* RECORDS FOR THIS EXERCISE *
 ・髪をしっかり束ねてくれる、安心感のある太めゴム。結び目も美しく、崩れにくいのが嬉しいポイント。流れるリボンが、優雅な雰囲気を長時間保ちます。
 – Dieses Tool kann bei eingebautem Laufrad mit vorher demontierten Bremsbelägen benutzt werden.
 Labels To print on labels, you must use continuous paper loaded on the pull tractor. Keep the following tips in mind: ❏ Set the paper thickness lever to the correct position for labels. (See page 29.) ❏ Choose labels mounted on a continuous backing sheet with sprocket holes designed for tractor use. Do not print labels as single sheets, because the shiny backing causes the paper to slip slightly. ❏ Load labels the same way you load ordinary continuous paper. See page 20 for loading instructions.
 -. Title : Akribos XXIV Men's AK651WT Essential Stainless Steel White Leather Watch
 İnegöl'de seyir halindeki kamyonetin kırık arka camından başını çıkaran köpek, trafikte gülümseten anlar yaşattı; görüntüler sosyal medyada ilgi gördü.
...
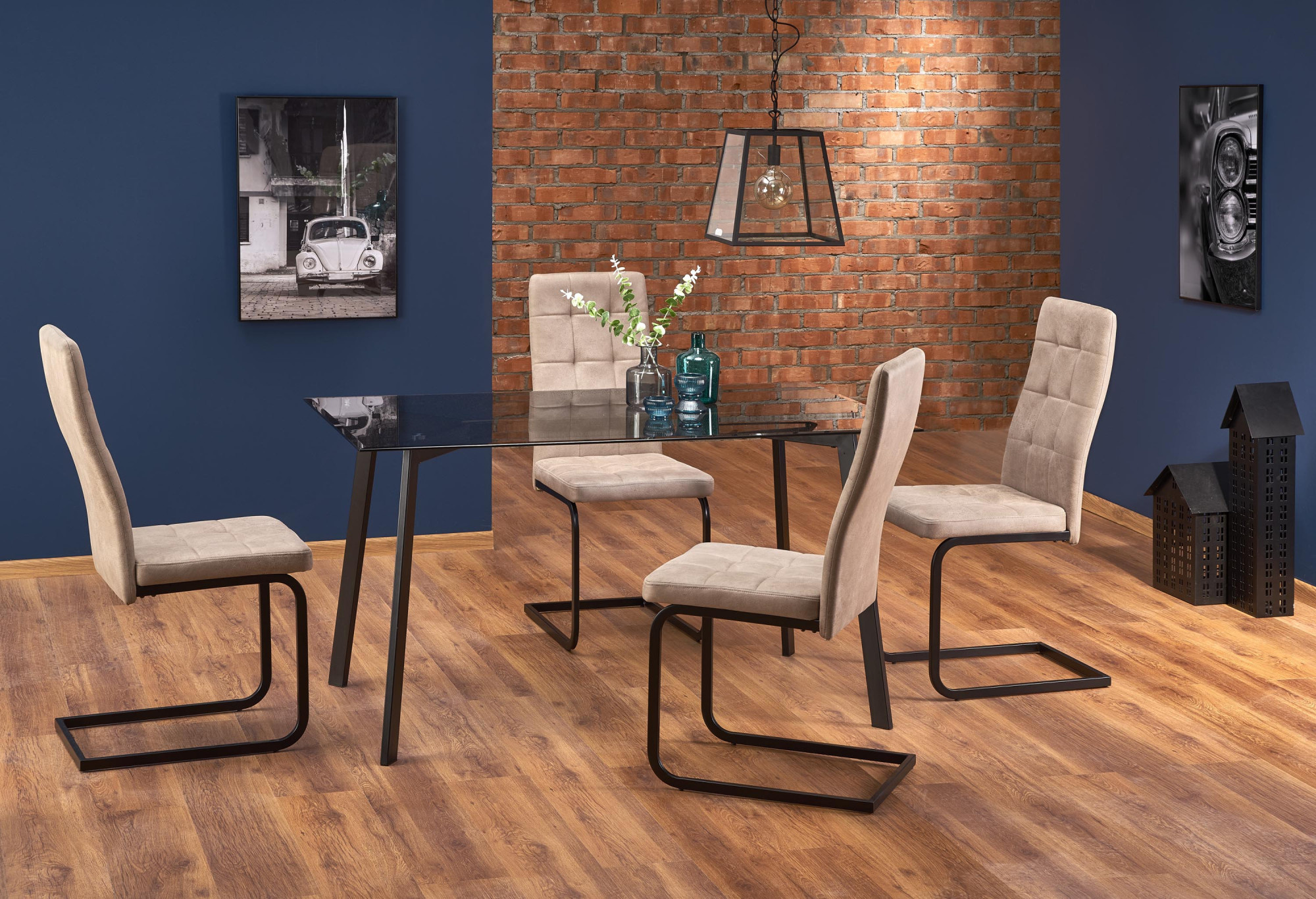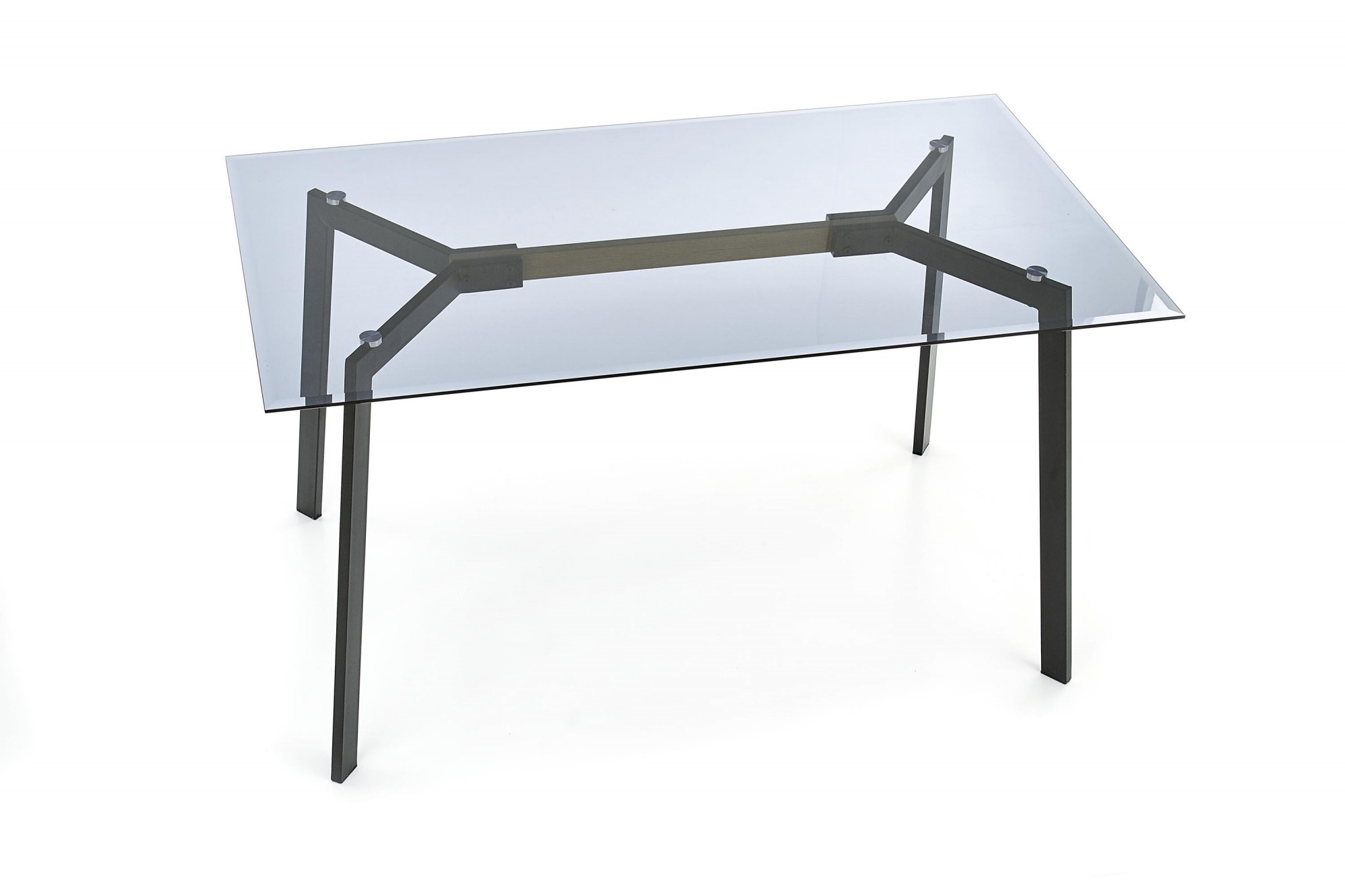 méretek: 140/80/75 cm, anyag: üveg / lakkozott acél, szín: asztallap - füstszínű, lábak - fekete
==
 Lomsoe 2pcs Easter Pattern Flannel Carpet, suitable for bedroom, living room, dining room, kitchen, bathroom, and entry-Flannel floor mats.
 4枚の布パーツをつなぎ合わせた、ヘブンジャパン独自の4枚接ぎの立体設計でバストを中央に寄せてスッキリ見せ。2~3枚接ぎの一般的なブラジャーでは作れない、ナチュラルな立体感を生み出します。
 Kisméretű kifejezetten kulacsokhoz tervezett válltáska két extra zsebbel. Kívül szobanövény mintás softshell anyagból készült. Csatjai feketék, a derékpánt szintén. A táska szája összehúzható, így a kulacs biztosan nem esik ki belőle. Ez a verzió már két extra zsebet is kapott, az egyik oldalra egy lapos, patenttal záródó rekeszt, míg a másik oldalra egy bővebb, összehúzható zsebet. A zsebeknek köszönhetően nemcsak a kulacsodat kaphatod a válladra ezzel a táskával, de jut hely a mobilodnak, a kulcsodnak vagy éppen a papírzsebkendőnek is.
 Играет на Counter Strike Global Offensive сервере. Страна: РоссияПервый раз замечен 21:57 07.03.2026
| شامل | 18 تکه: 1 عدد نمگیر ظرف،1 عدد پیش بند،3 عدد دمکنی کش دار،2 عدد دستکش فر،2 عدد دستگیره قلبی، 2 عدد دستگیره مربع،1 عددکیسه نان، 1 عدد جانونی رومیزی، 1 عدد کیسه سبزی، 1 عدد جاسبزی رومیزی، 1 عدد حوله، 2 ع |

* WHAT TO WORK ON *
Reproduce, exactly as they stand in the data above, the lines from the one that holds "Bremsbelägen benutzt werden." to the one that holds "İnegöl'de seyir halindeki", inclusive.

* ANSWER SECTION *
 – Dieses Tool kann bei eingebautem Laufrad mit vorher demontierten Bremsbelägen benutzt werden.
 Labels To print on labels, you must use continuous paper loaded on the pull tractor. Keep the following tips in mind: ❏ Set the paper thickness lever to the correct position for labels. (See page 29.) ❏ Choose labels mounted on a continuous backing sheet with sprocket holes designed for tractor use. Do not print labels as single sheets, because the shiny backing causes the paper to slip slightly. ❏ Load labels the same way you load ordinary continuous paper. See page 20 for loading instructions.
 -. Title : Akribos XXIV Men's AK651WT Essential Stainless Steel White Leather Watch
 İnegöl'de seyir halindeki kamyonetin kırık arka camından başını çıkaran köpek, trafikte gülümseten anlar yaşattı; görüntüler sosyal medyada ilgi gördü.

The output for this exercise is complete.